V. Una última consideración respecto de los militares o de la participación de los militares. Lo que la experiencia enseña es que en la mayoría de los casos han sido más un problema que una solución. En sus versiones más extremas la historieta concluyó con sectores de las fuerzas armadas constituyendo su propio cartel. No terminan aquí mis prevenciones. En estos días leí declaraciones, no sé si de militares en actividad o en retiro, que se oponen o sugieren que se oponen, a que las fuerzas armadas participen, porque, según ellos, así lo hicieron en 1975 y después terminaron todos presos. Respuesta: si el poder político convoca a los militares no es un tema para debatirlo en una asamblea, es una orden. Así lo dicta la ley y los reglamentos. Arreglados estaríamos si los militares deliberan acerca de cumplir o no cumplir las órdenes que le dan sus superiores institucionales.

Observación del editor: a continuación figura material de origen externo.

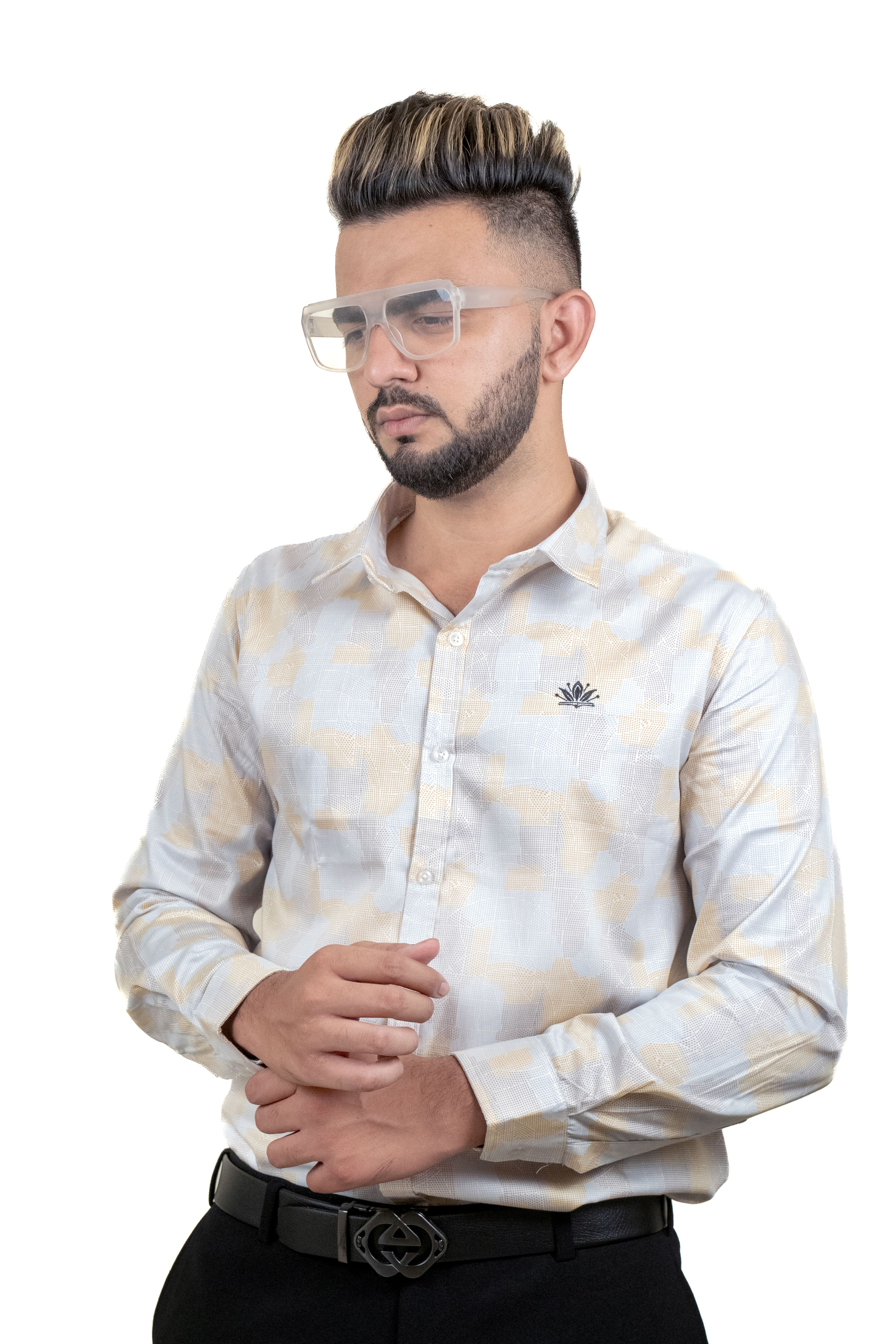 Step into style with this premium full-sleeve shirt from Amogh by HR. Designed with a subtle beige and grey geometric pattern, it features a smart collar, front button closure, and a signature embroidered logo on the chest. Made from high-quality fabric, it offers a soft texture and breathable comfort, making it ideal for all-day wear. Pair it with trousers or chinos for a polished look.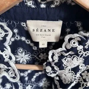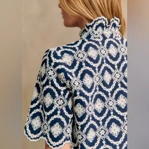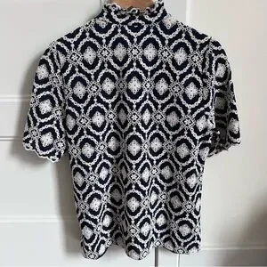 Elevate your style with this chic navy and white patterned top. Perfect for any occasion, this top offers both comfort and elegance.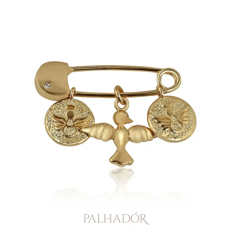 Alfinete Divino E Anjo banhado em Ouro 18k.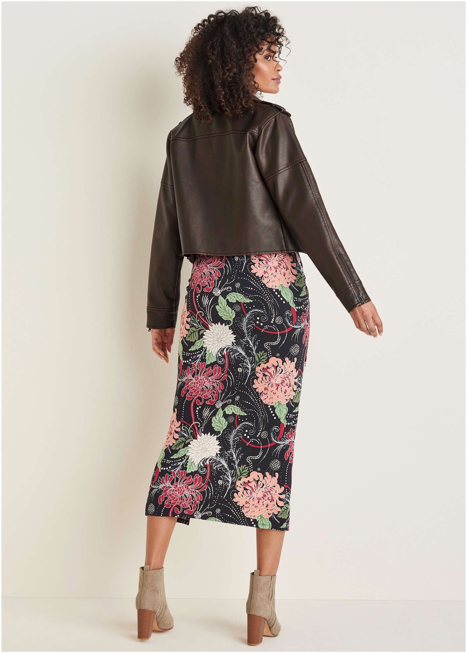 A faux leather jacket that looks and feels like the real deal! Made from buttery-soft fabric that mimics the feel of actual leather. this distressed jacket has the classic look your outfit deserves. Wear it with anything and everything in your closet as the perfect outfit completer. * Sizes: XS (2). S (4-6). M (8-10). L (12-14). XL (16)* Plus sizes: 1X (18-20). 2X (22-24). 3X (26-28)* Collared neckline* Long sleeves * Front zipper closure* Zippered sleeves* Zippered front pockets* Cropped* Fully lined* Fabric does not have stretch* Polyester/viscose/elastane. Imported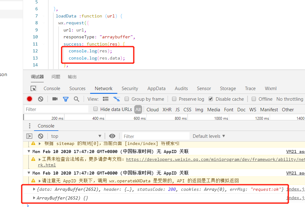 问题描述:使用开发工具直接编译可以加载自定义文件获取到res.data属性。如下图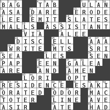 ACROSS 1. Paper or plastic container 4. Keyboard key 7. ____ Bator 11. White ___ sheet 12. Have the gumption 13. Eat (away) 14. Area sheltered from the wind 15. Give off 16. Chalkboards 17. Promenades 19. Aide 21. By way of 23. Toward shelter 24. Plate 25. Pipe bend 26. American Automobile Association (abbr.) 29. Compose 30. Mountains (abbr.) 31. Indian title of respect (Mr.) 32. Ocean 33. French article 34. Elected rep. 35. Infant food 36. Car or cant ending 37. An organ shaped like a helmet 40. "We ___ not amused" (Victoria) 41. Added to 42. So be it 43. Australian parrot (variant) 45. Choose 46. Dwelling 51. 1973 Nobel Price Winner (Physics) Leo 55. Spoke pompously 56. Scent 58. Apple computer (short form) 59. Carrier 60. Actor's bit 61. "___ Maria" 62. SW Saudi Arabia district 63. Had dinner 64. Possessed DOWN 1. Lip ointment 2. Toward the sea 3. Highlander 4. Scottish cap 5. Operatic vocal solo 6. Wagers 7. A salt of uric acid 8. Globular water bottle used in Asia 9. Arabian gulf 10. Egg locale 12. Stop 13. Otherwise 16. Beverly of Met fame 18. 57 in ancient Rome 20. Table seasonings 22. Adept person 24. Window treatment 25. Make improvements or corrections to 26. NE Netherlands city 27. Type of rug 28. The 18th letter of the Arabic alphabet 29. Erode 32. Health resort 33. Soviet premier 1918-24 36. Having ears or earlike features 37. E Mali city 38. Electrical Unit 39. Allows 43. 61 cubic inches 44. River in Europe 46. Round or rotation of duties 47. Greek god of love 48. Suttee (variant) 49. Root beer relative 50. Prepare for publication 52. Nanny 53. Polynesian shrub of the pepper family 54. On the rocks 57. Single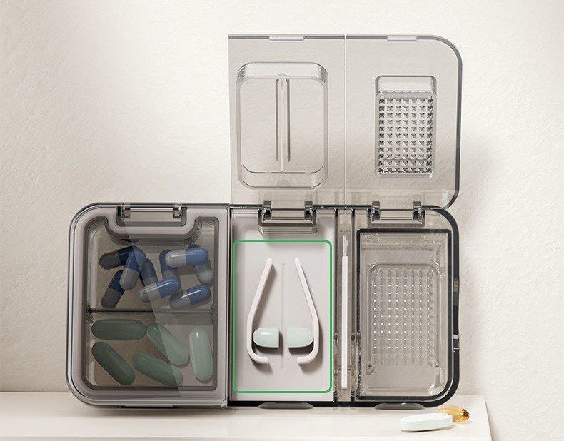 Легкая и компактная таблетница удобно помещается в сумке или кармане, что делает ее идеальной для использования дома и в поездках. Таблетницу легко чистить, что позволяет поддерживать высокий уровень гигиены и безопасности. Таблетница идеально подойдет для пожилых людей, людей с хроническими заболеваниями, а также для всех, кто принимает витамины или другие добавки. Это также отличное решение для заботливых родственников, которые хотят помочь своим близким в организации приема медикаментов.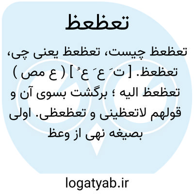تعظعظ. [ ت َ ع َ ع ُ ] ( ع مص ) تعظعظ الیه؛ برگشت بسوی آن و قولهم لاتعظینی و تعظعظی. اولی بصیغه نهی از وعظ یعظ و دومی به صیغه ٔامر از عظعظ؛ یعنی اندرز مکن من را و بر گرد بسوی نفس خود و آن را پند بده و تعظعظی بضم تاء نیز گفته اند؛ ای لایکن منک امر بالصلاح و ان تفسدی انت فی نفسک. ( از منتهی الارب ) ( ناظم الاطباء ) ( از اقرب الموارد ).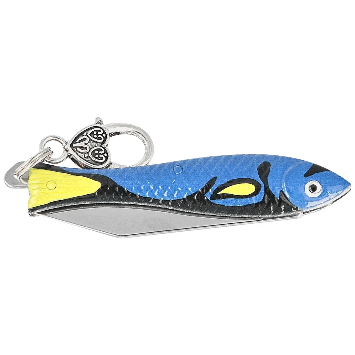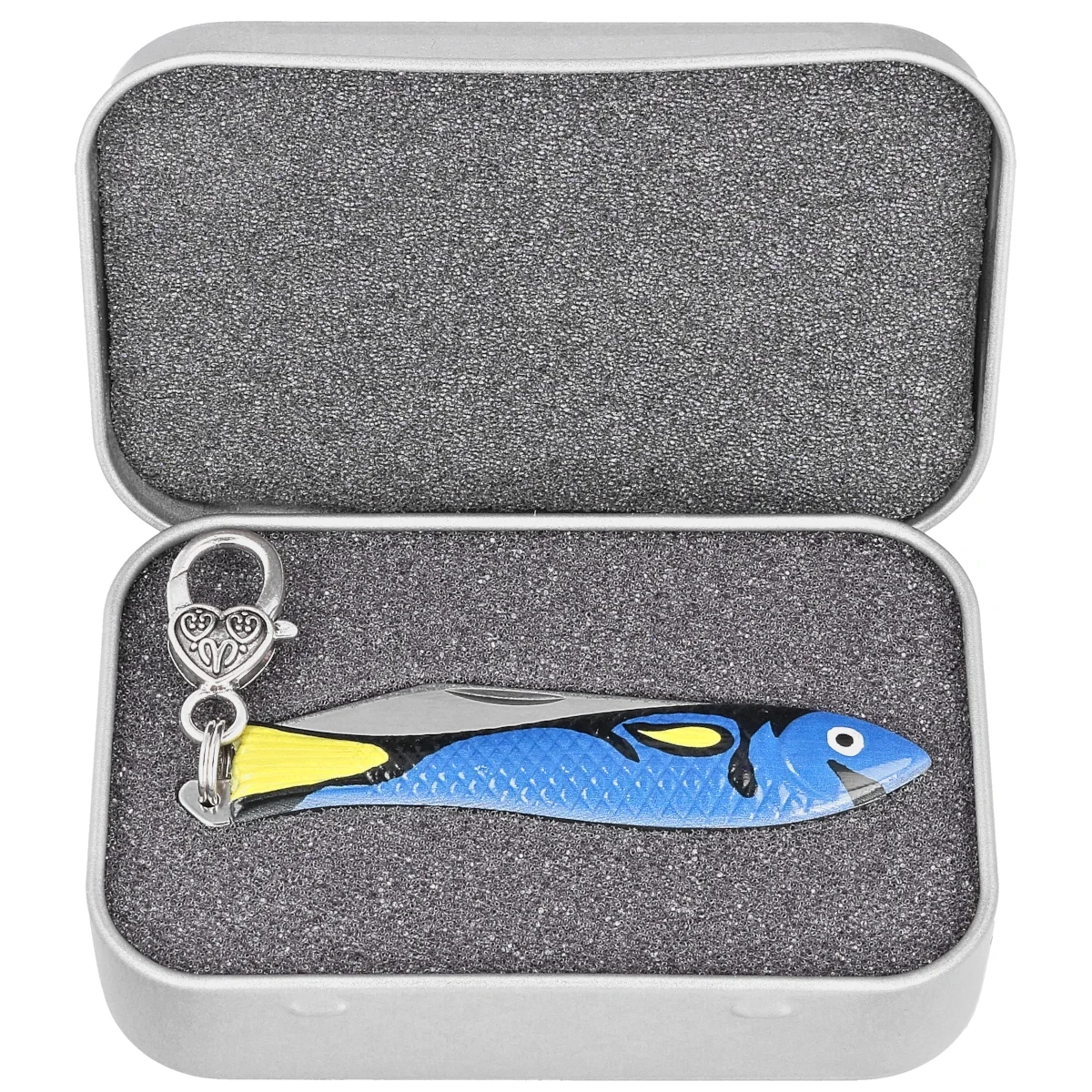 Handle - tang covers in the shape of fish scales cast in zinc alloy, decorated with the graphic motif of Dorris fish from the movie "Where's Dory?", made with the new UV LED printing technology. In the back of the grips an eyelet that allows you to attach the knife to a key ring with a bunch of keys.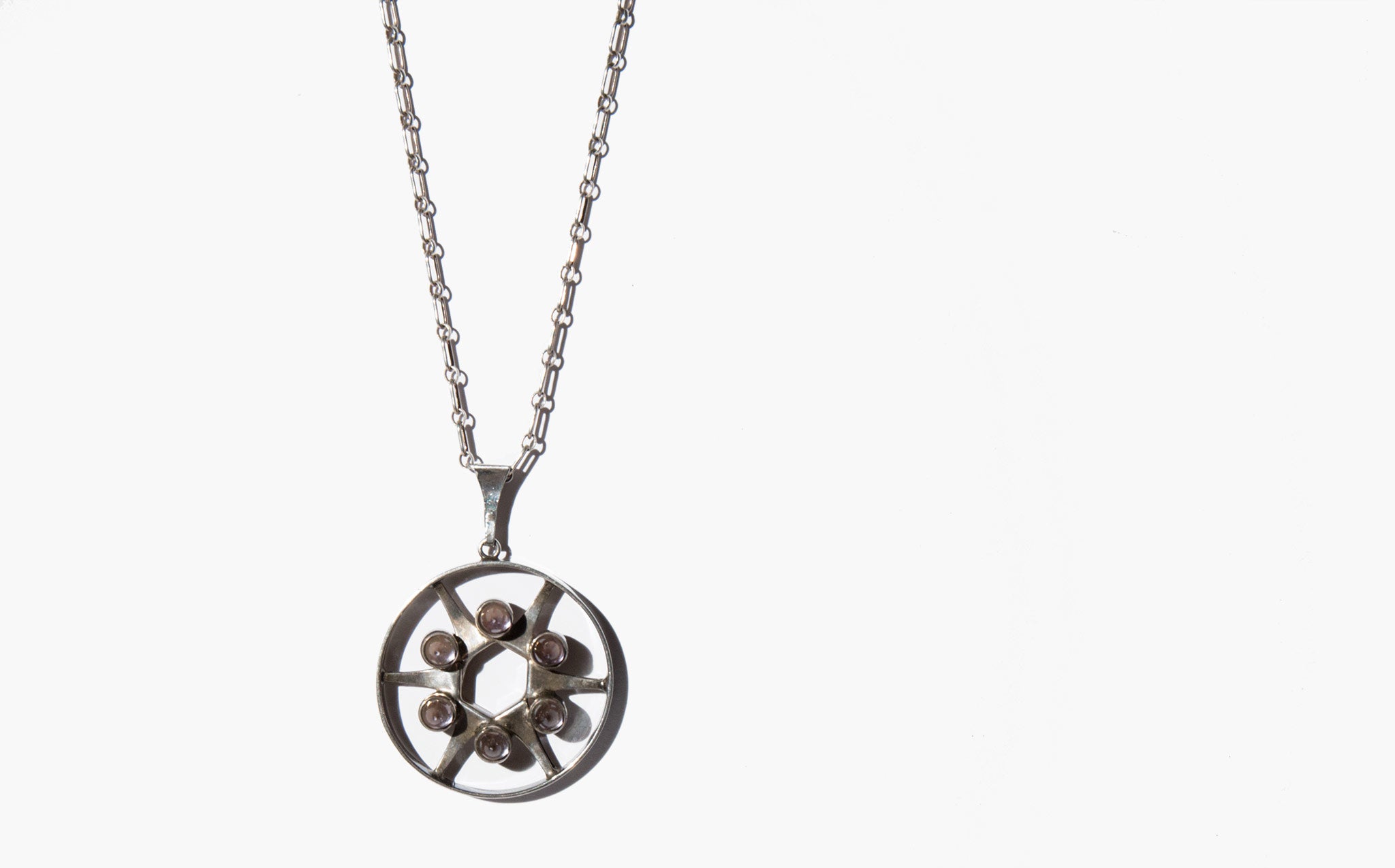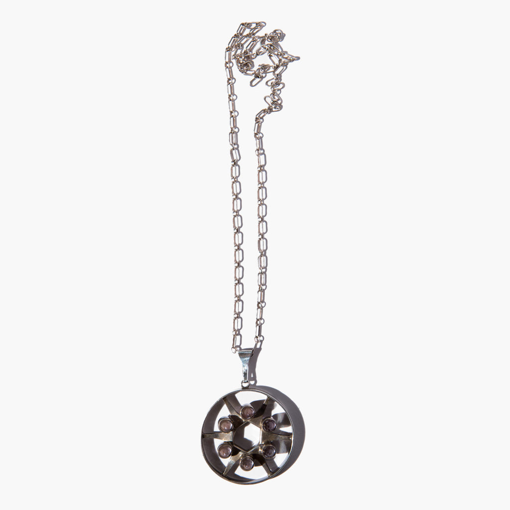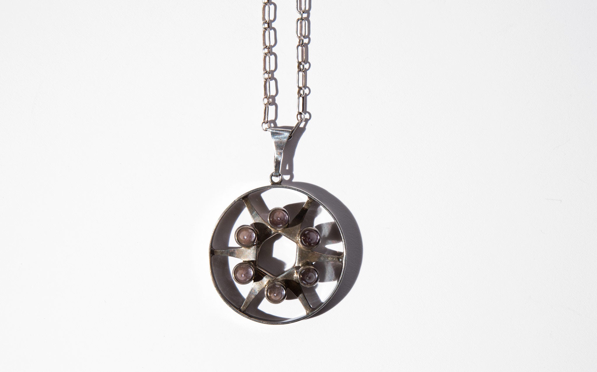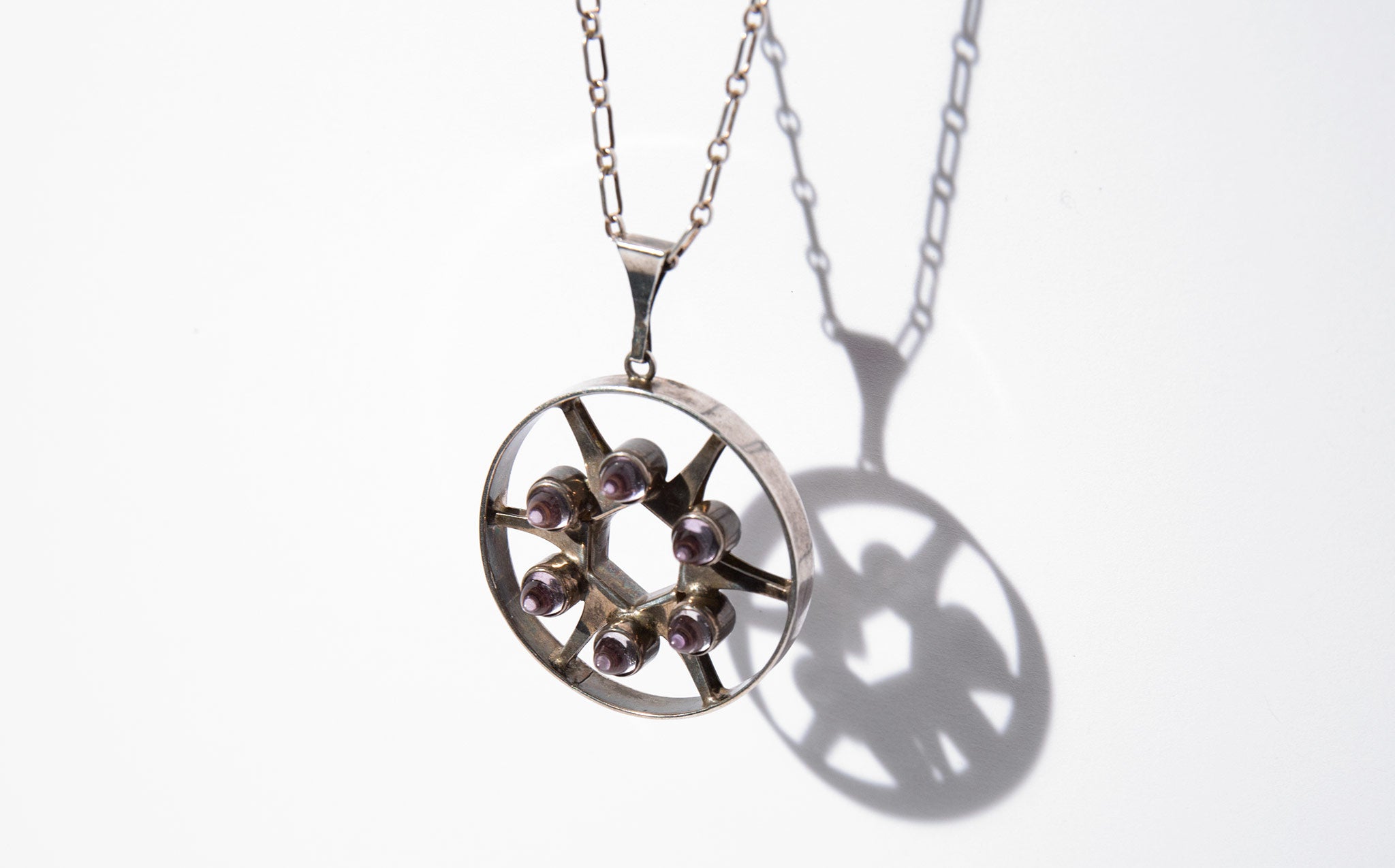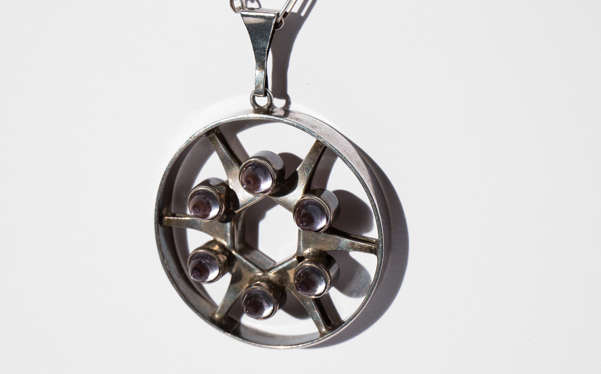Finnish sterling silver and amethyst statement pendant on a sterling silver link chain. A gemstone worn throughout the centuries as a symbol of purity and spirituality, an amulet of protection against evil, and as a talisman of success and wealth, the amethyst is today thought to be grounding, to alleviate stress and headaches, and to help those suffering from bad dreams and night terrors.

Agrego, además, que en 1975 la orden dada por el gobierno peronista era aniquilar la subversión, no dar un golpe de estado, mucho menos instaurar como operativo legítimo la tortura, los secuestros de niños y los vuelos de la muerte. De aquellas desventuras y desgracia han transcurrido casi cincuenta años. Los militares que hoy exhiben los cargos más elevados en ese entonces eran niños o adolescentes. Sin embargo, ellos o sus mayores, a juzgar por sus declaraciones, daría la impresión de que, como dijera Talleyrand de los borbones: “No aprendieron nada, no olvidaron nada”.
Publicado en El Litoral el 14 de marzo de 2024.